● **What is being asked**
In the copy, every record below must appear exactly as given, and no picture may appear.
**** Provided records ****
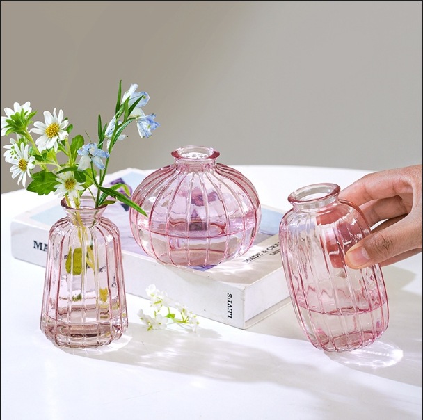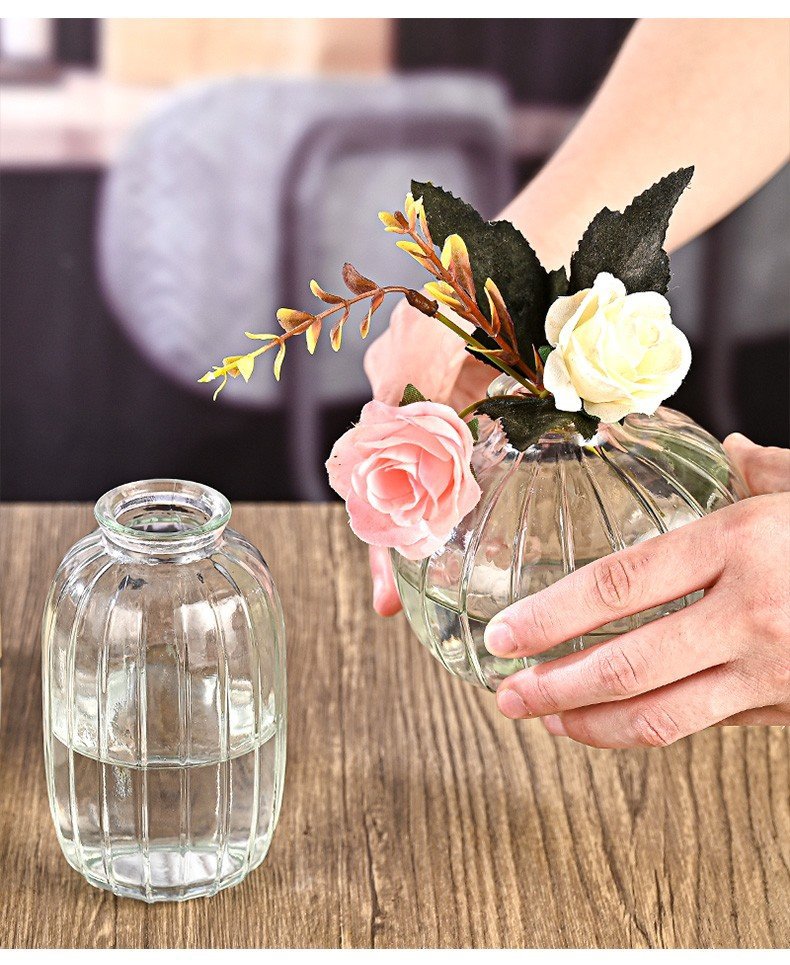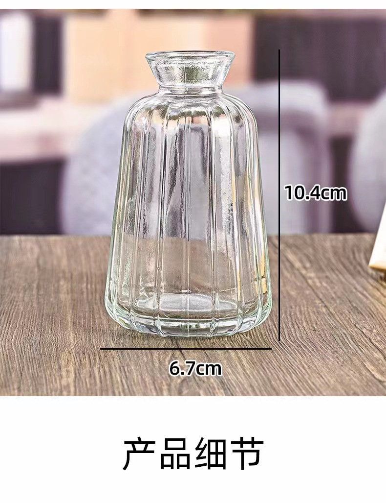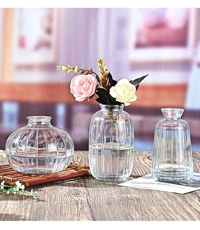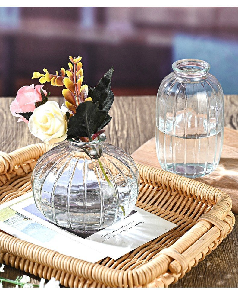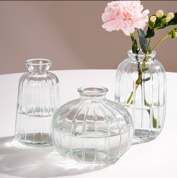 투명 작은 신선한 꽃병 직선 라운드 미세 입 미니 유리 꽃 차 테이블 차 테이블 장식품 제조 업체 도매
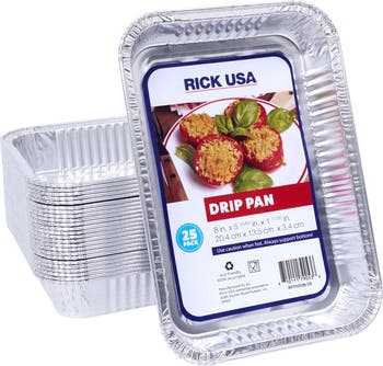 RICKUSA "8X5" EXTRA HEAVY-DUTY DISPOSABLE DRIP PANS (25-PACK) - Crafted from durable, high-grade aluminum with reinforced walls, these pans deliver exceptional sturdiness. Precise embossing that enhances structural integrity. Adding more side wall grooves for increased stability. Convenient Disposable Design: No need to worry about cleanup - simply toss these pans in the recycling bin after use, making them ideal for parties, camping, picnics, and everyday grilling and baking. Superior Aluminum Foil Drip Pans: Made from premium quality aluminum foil, our drips are earth conscious and recyclable. Our drip pans are specially designed to keep your grill nice and clean while grease free! Heat Conducive: Our replacement aluminum trays have high thermal conductivity, allowing them to handle extremely high temperatures for oven or grill use. Versatile: Use our drip pans for catching grease, prepping meals, baking food, storing leftovers, or even packing food to go! Don’t worry about cleaning up, just toss them when you’re done! Perfect for barbecues, picnics, parties, dinners, and more! OVERVIEW: Aluminum foil pans. Recyclable. Disposable. Cooking. Baking. Leftovers. Heating Food. Food Prep. SAFE FOR: oven, freezer, cooktop, dishwasher, grill.
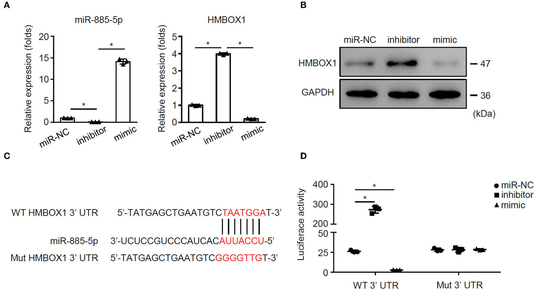 miR-885-5p Suppressed HMBOX1 via Binding to 3′UTR
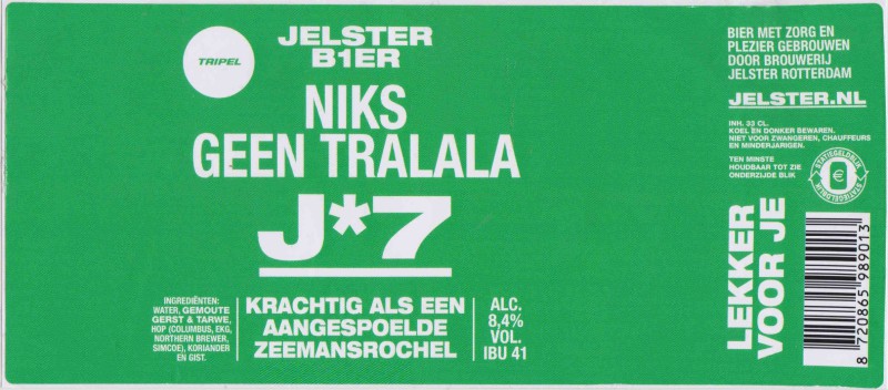 | Biernaam op etiket | Niks geen Tralala J*7 Tripel |
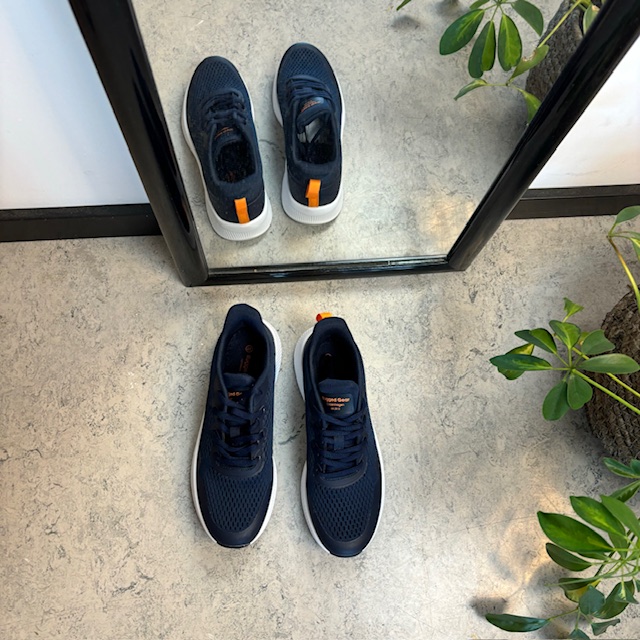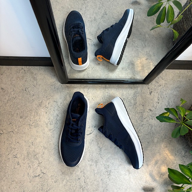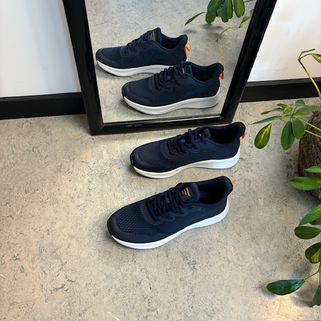 Marinefarget sko med pustende overdel og støtdemping
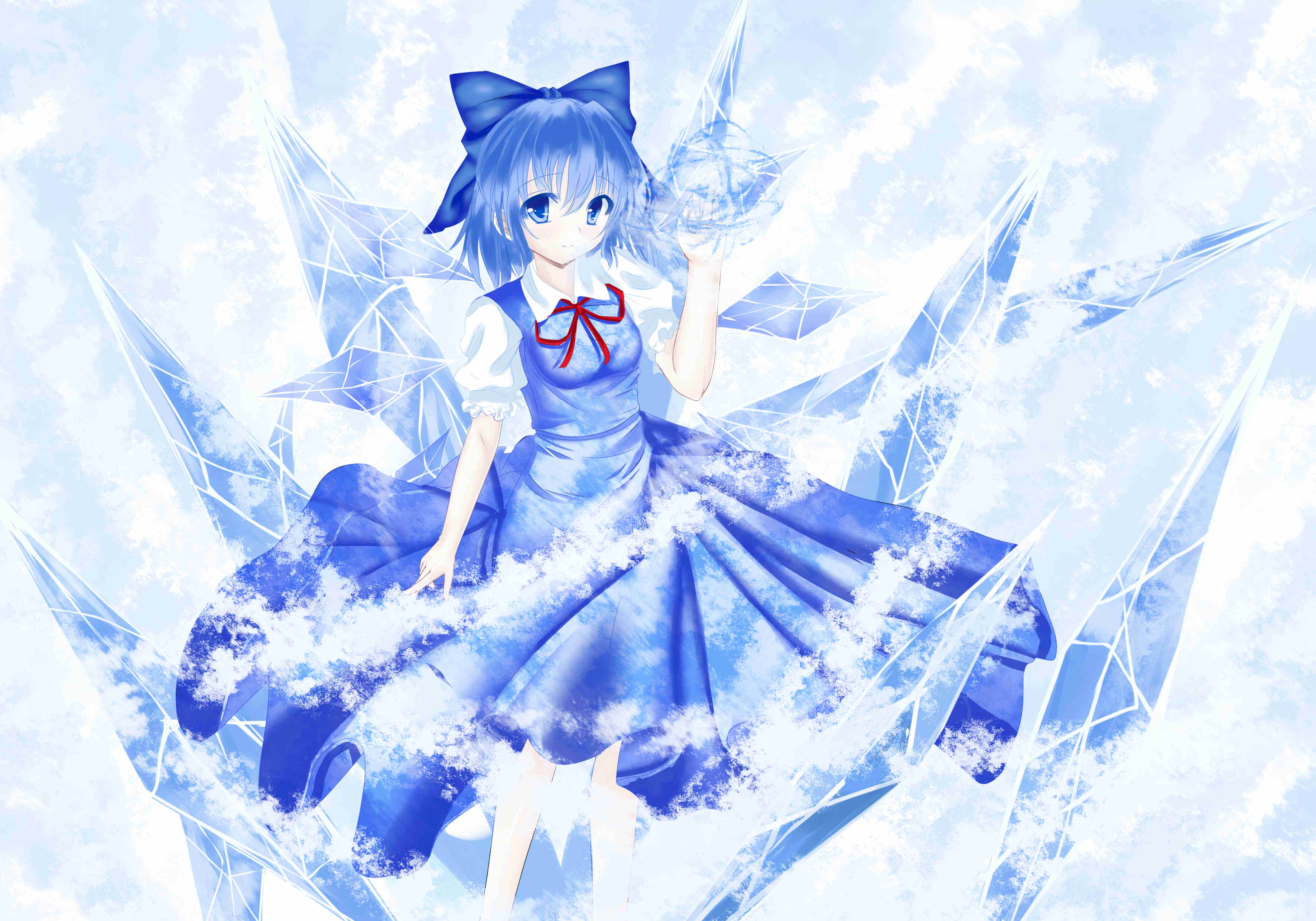 Description: A girl in a blue dress with a bow on her head and wings flying through the air.
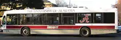 The CrimsonRide is an area bus service serving the students, staff, faculty, and general public on and around the University of Alabama's campus in Tuscaloosa, Alabama. The CrimsonRide is operated by First Transit, under contract with UA's Department of Transportation Services, and commenced operation on August 11, 2007.[2] The CrimsonRide replaced the previous Blue & Yellow Routes operated by the Tuscaloosa Transit Authority as the public transit option for students, staff, faculty, and general public on the UA campus.[3]
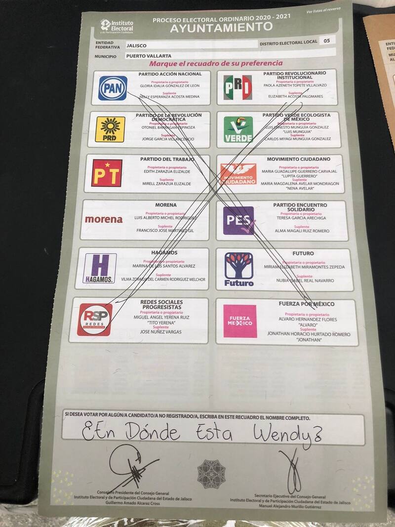Bajo la campaña "Mi voto por un desaparecido", hubo quienes marcaron un tache que abarcó toda la boleta. Se negaron a emitir su voto por alguno de los contendientes de los partidos y en su lugar anotaron el nombre de quien están buscando.
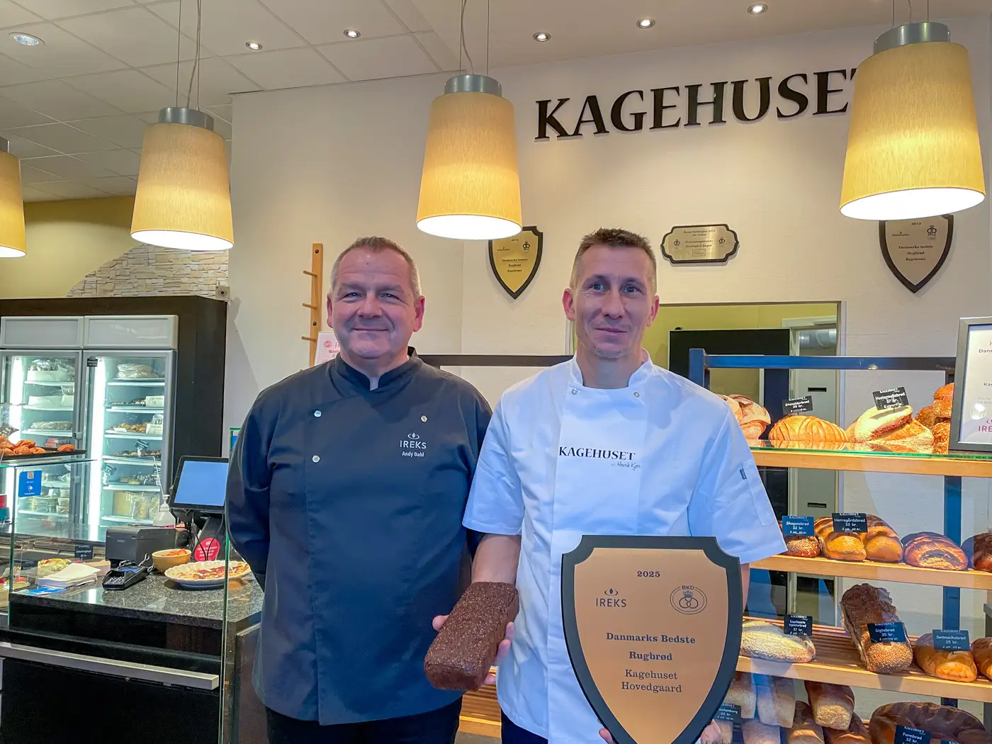 Hos Kagehuset i Hovedgård er der altid gang i ovnene – og i snakken. Og her i november var der ekstra meget at smile af. Bagermester Henrik Kjær har nemlig fået et præmieskilt, der nu hænger synligt på væggen i butikken. En tredjeplads i Danmarks Bedste Rugbrød er ikke bare flot – det er noget, der luner.
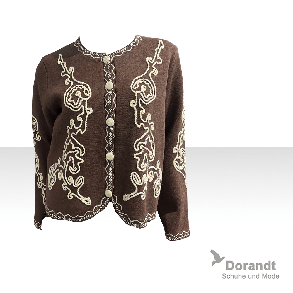 Elegante braune Strickjacke mit kunstvoller weißer Stickerei und dekorativen Knöpfen. Ein stilvolles Statement-Piece, das Tradition mit moderner Eleganz verbindet.
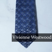 【Vivienne Westwood】ヴィヴィアンウエストウッド オーブロゴ 総柄 SILK100%スリムネクタイnavy
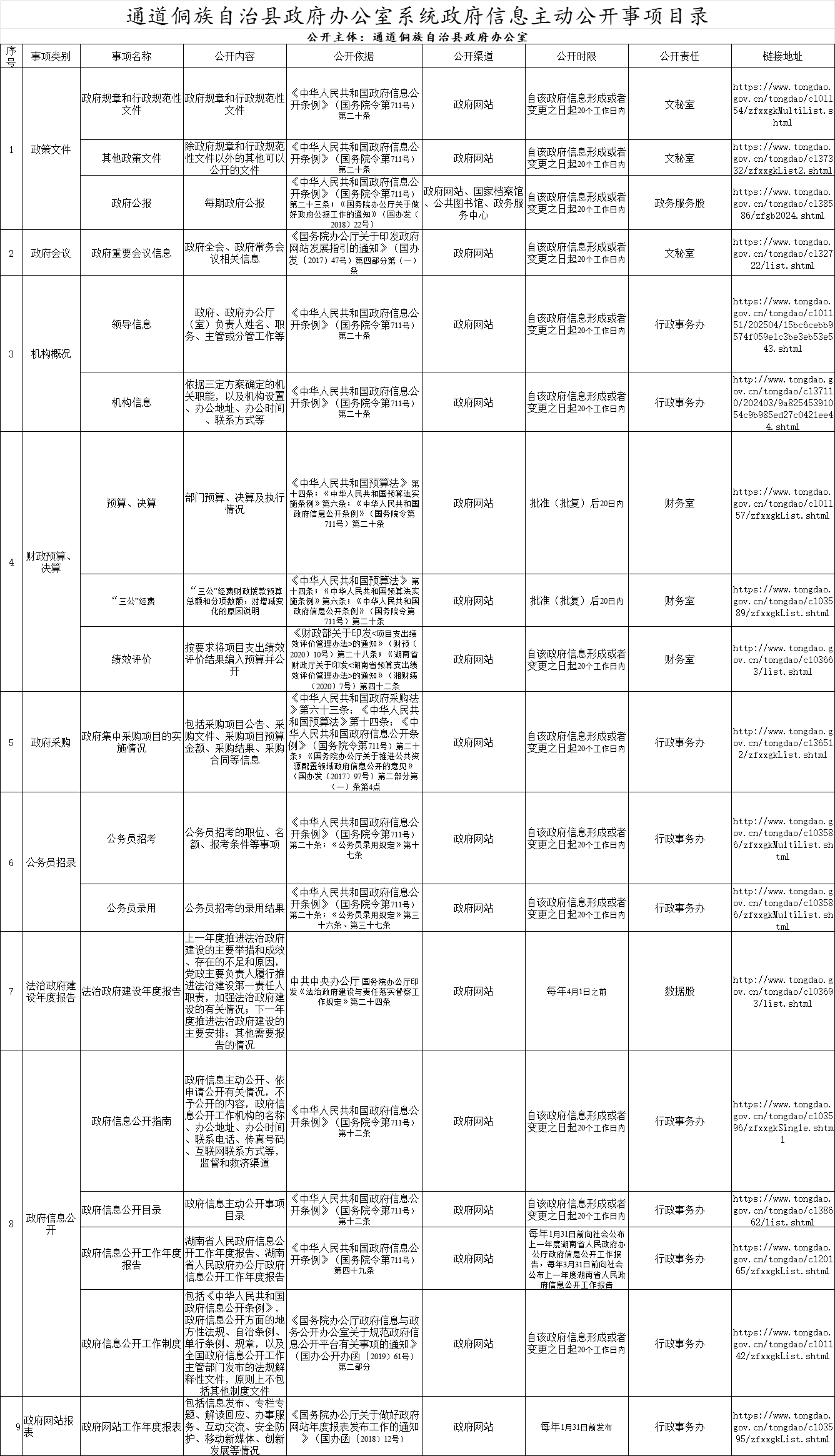 通道侗族自治县政府办公室系统政府信息主动公开事项目录
****
● **Solution for this exercise**
 투명 작은 신선한 꽃병 직선 라운드 미세 입 미니 유리 꽃 차 테이블 차 테이블 장식품 제조 업체 도매
 RICKUSA "8X5" EXTRA HEAVY-DUTY DISPOSABLE DRIP PANS (25-PACK) - Crafted from durable, high-grade aluminum with reinforced walls, these pans deliver exceptional sturdiness. Precise embossing that enhances structural integrity. Adding more side wall grooves for increased stability. Convenient Disposable Design: No need to worry about cleanup - simply toss these pans in the recycling bin after use, making them ideal for parties, camping, picnics, and everyday grilling and baking. Superior Aluminum Foil Drip Pans: Made from premium quality aluminum foil, our drips are earth conscious and recyclable. Our drip pans are specially designed to keep your grill nice and clean while grease free! Heat Conducive: Our replacement aluminum trays have high thermal conductivity, allowing them to handle extremely high temperatures for oven or grill use. Versatile: Use our drip pans for catching grease, prepping meals, baking food, storing leftovers, or even packing food to go! Don’t worry about cleaning up, just toss them when you’re done! Perfect for barbecues, picnics, parties, dinners, and more! OVERVIEW: Aluminum foil pans. Recyclable. Disposable. Cooking. Baking. Leftovers. Heating Food. Food Prep. SAFE FOR: oven, freezer, cooktop, dishwasher, grill.
 miR-885-5p Suppressed HMBOX1 via Binding to 3′UTR
 | Biernaam op etiket | Niks geen Tralala J*7 Tripel |
 Marinefarget sko med pustende overdel og støtdemping
 Description: A girl in a blue dress with a bow on her head and wings flying through the air.
 The CrimsonRide is an area bus service serving the students, staff, faculty, and general public on and around the University of Alabama's campus in Tuscaloosa, Alabama. The CrimsonRide is operated by First Transit, under contract with UA's Department of Transportation Services, and commenced operation on August 11, 2007.[2] The CrimsonRide replaced the previous Blue & Yellow Routes operated by the Tuscaloosa Transit Authority as the public transit option for students, staff, faculty, and general public on the UA campus.[3]
Bajo la campaña "Mi voto por un desaparecido", hubo quienes marcaron un tache que abarcó toda la boleta. Se negaron a emitir su voto por alguno de los contendientes de los partidos y en su lugar anotaron el nombre de quien están buscando.
 Hos Kagehuset i Hovedgård er der altid gang i ovnene – og i snakken. Og her i november var der ekstra meget at smile af. Bagermester Henrik Kjær har nemlig fået et præmieskilt, der nu hænger synligt på væggen i butikken. En tredjeplads i Danmarks Bedste Rugbrød er ikke bare flot – det er noget, der luner.
 Elegante braune Strickjacke mit kunstvoller weißer Stickerei und dekorativen Knöpfen. Ein stilvolles Statement-Piece, das Tradition mit moderner Eleganz verbindet.
 【Vivienne Westwood】ヴィヴィアンウエストウッド オーブロゴ 総柄 SILK100%スリムネクタイnavy
 通道侗族自治县政府办公室系统政府信息主动公开事项目录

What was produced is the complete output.